» PROBLEM DESCRIPTION: Lines before the one containing "RocketWearŽ's Pajamas/Loungewear in" are not copied; that line and every one after it, through the end of the material below, are printed exactly, without pictures.

» PROVIDED RECORDS:
################
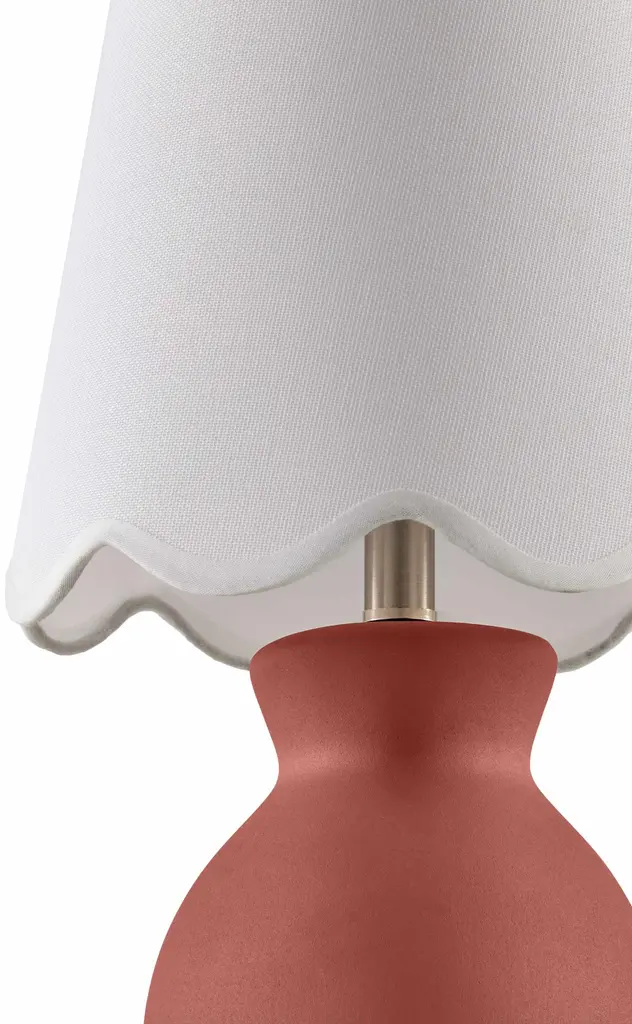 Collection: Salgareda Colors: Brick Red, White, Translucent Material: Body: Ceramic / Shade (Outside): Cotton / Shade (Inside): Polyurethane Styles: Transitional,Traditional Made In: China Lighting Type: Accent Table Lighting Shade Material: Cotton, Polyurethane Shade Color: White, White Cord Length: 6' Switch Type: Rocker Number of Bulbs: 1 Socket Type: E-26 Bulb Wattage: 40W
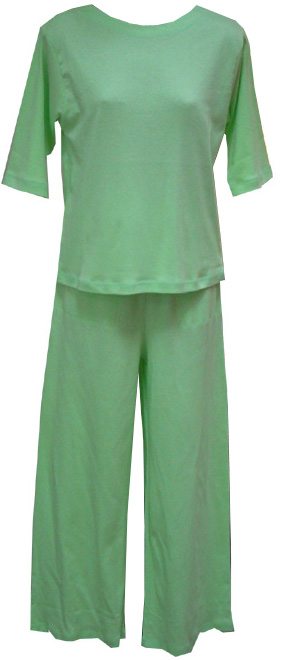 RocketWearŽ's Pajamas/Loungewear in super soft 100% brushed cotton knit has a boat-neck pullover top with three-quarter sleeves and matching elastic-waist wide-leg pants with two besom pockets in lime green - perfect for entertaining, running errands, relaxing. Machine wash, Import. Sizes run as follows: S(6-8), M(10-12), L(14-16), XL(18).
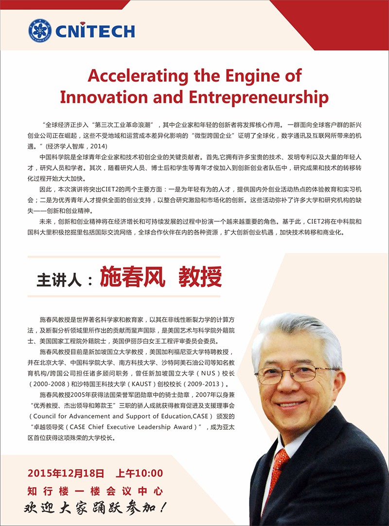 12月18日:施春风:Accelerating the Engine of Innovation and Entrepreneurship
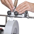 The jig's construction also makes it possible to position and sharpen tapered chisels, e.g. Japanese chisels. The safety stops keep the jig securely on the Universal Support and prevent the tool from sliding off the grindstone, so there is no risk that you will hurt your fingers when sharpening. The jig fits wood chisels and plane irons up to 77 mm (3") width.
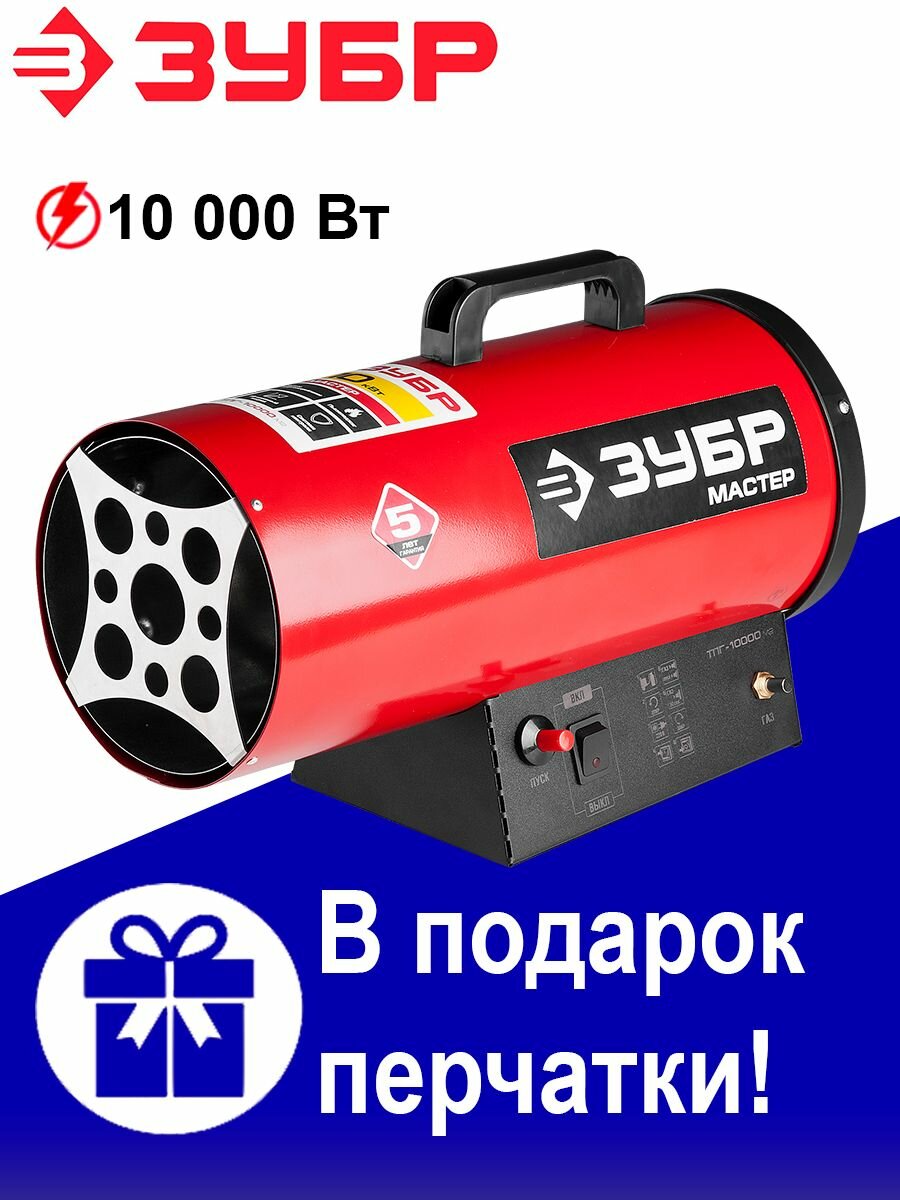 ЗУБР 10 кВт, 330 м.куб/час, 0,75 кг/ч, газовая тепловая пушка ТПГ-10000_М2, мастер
################
» EXERCISE RESPONSE:
 RocketWearŽ's Pajamas/Loungewear in super soft 100% brushed cotton knit has a boat-neck pullover top with three-quarter sleeves and matching elastic-waist wide-leg pants with two besom pockets in lime green - perfect for entertaining, running errands, relaxing. Machine wash, Import. Sizes run as follows: S(6-8), M(10-12), L(14-16), XL(18).
 12月18日:施春风:Accelerating the Engine of Innovation and Entrepreneurship
 The jig's construction also makes it possible to position and sharpen tapered chisels, e.g. Japanese chisels. The safety stops keep the jig securely on the Universal Support and prevent the tool from sliding off the grindstone, so there is no risk that you will hurt your fingers when sharpening. The jig fits wood chisels and plane irons up to 77 mm (3") width.
 ЗУБР 10 кВт, 330 м.куб/час, 0,75 кг/ч, газовая тепловая пушка ТПГ-10000_М2, мастер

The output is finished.